(Stored entries)
--
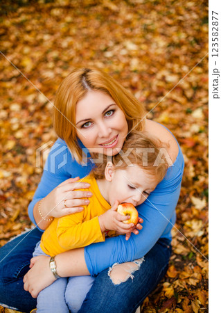 Stylish mother and daughter enjoy the autumn park. Family on a walk. Childhood, walks, rest.
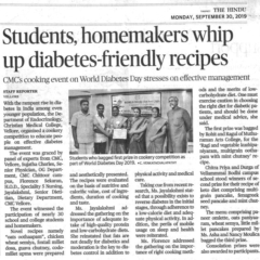 3. "Students, homemakers whip up diabetes-friendly recipes" Published by The Hindu, dated 30.09.2019
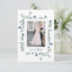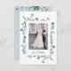 Dusty Blue Floral Photo Boda Tarjeta. Esta tarjeta de agradecimiento boda presenta hermosas acuarelas pintadas a mano, azul polvoriento y rosas crema con hojas verdes de salvia. La parte posterior incluye un mensaje para personalizarlo o dejarlo en blanco para que pueda escribir a mano un mensaje. Forma parte de la colección de Bodas florales Dusty Blue.
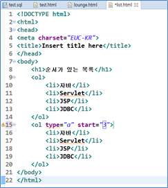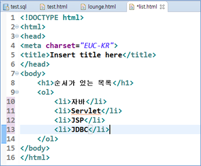 목록을 표현할 때 사용되는 태그로 순서가 있는 목록과 순서가 없는 목록을 표현할 수 있다. 순서가 있는 목록은 <ol></ol>로 표현하며 각 항목의 목록은 <li></li>로 표현한다. 새 HTML문서를 생성한 후 다음과 같이 작성한다.
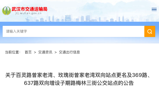 ● 百灵路曾家老湾双向站点更名为百灵路百合街,涉及线路:369路。
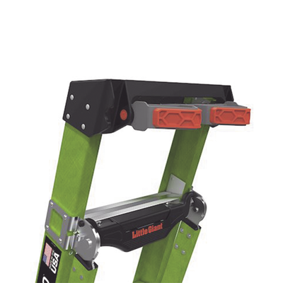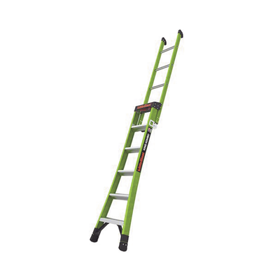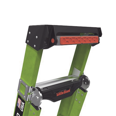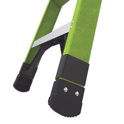 Es el sueño de un electricista hecho realidad. Fabricado con fibra de vidrio ligera y duradera, puede trabajar cerca de la electricidad sin temor a la conductividad. El color verde de alta visibilidad también promueve una mayor visibilidad para disminuir los golpes de la escalera.
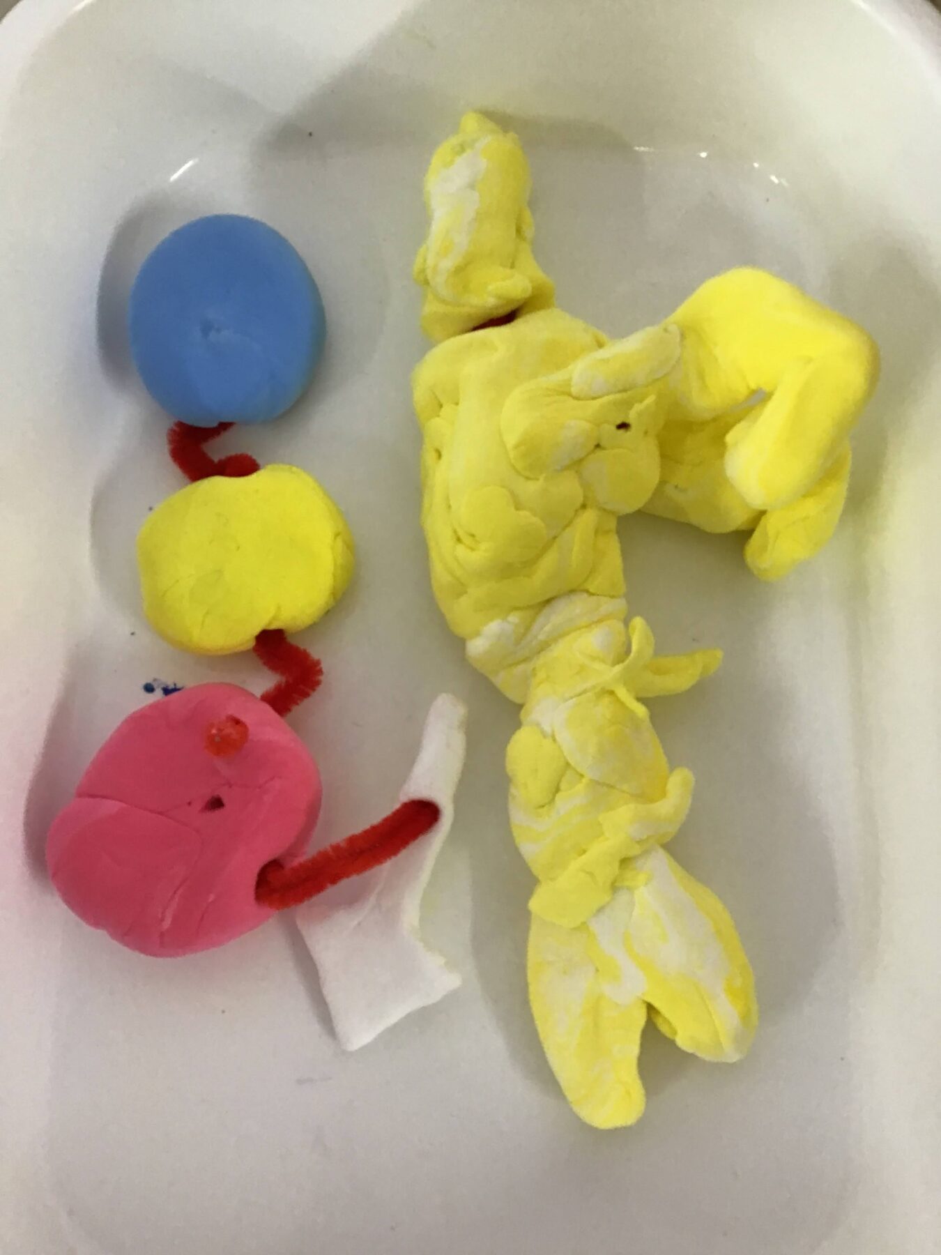本日の活動は【運動・感覚:紙粘土でオリジナル作品作り】を行いました。
--
Aim of the task:
Set down every entry above without alteration, but print no images.

Task answer:
 Stylish mother and daughter enjoy the autumn park. Family on a walk. Childhood, walks, rest.
 3. "Students, homemakers whip up diabetes-friendly recipes" Published by The Hindu, dated 30.09.2019
 Dusty Blue Floral Photo Boda Tarjeta. Esta tarjeta de agradecimiento boda presenta hermosas acuarelas pintadas a mano, azul polvoriento y rosas crema con hojas verdes de salvia. La parte posterior incluye un mensaje para personalizarlo o dejarlo en blanco para que pueda escribir a mano un mensaje. Forma parte de la colección de Bodas florales Dusty Blue.
 목록을 표현할 때 사용되는 태그로 순서가 있는 목록과 순서가 없는 목록을 표현할 수 있다. 순서가 있는 목록은 <ol></ol>로 표현하며 각 항목의 목록은 <li></li>로 표현한다. 새 HTML문서를 생성한 후 다음과 같이 작성한다.
 ● 百灵路曾家老湾双向站点更名为百灵路百合街,涉及线路:369路。
 Es el sueño de un electricista hecho realidad. Fabricado con fibra de vidrio ligera y duradera, puede trabajar cerca de la electricidad sin temor a la conductividad. El color verde de alta visibilidad también promueve una mayor visibilidad para disminuir los golpes de la escalera.
本日の活動は【運動・感覚:紙粘土でオリジナル作品作り】を行いました。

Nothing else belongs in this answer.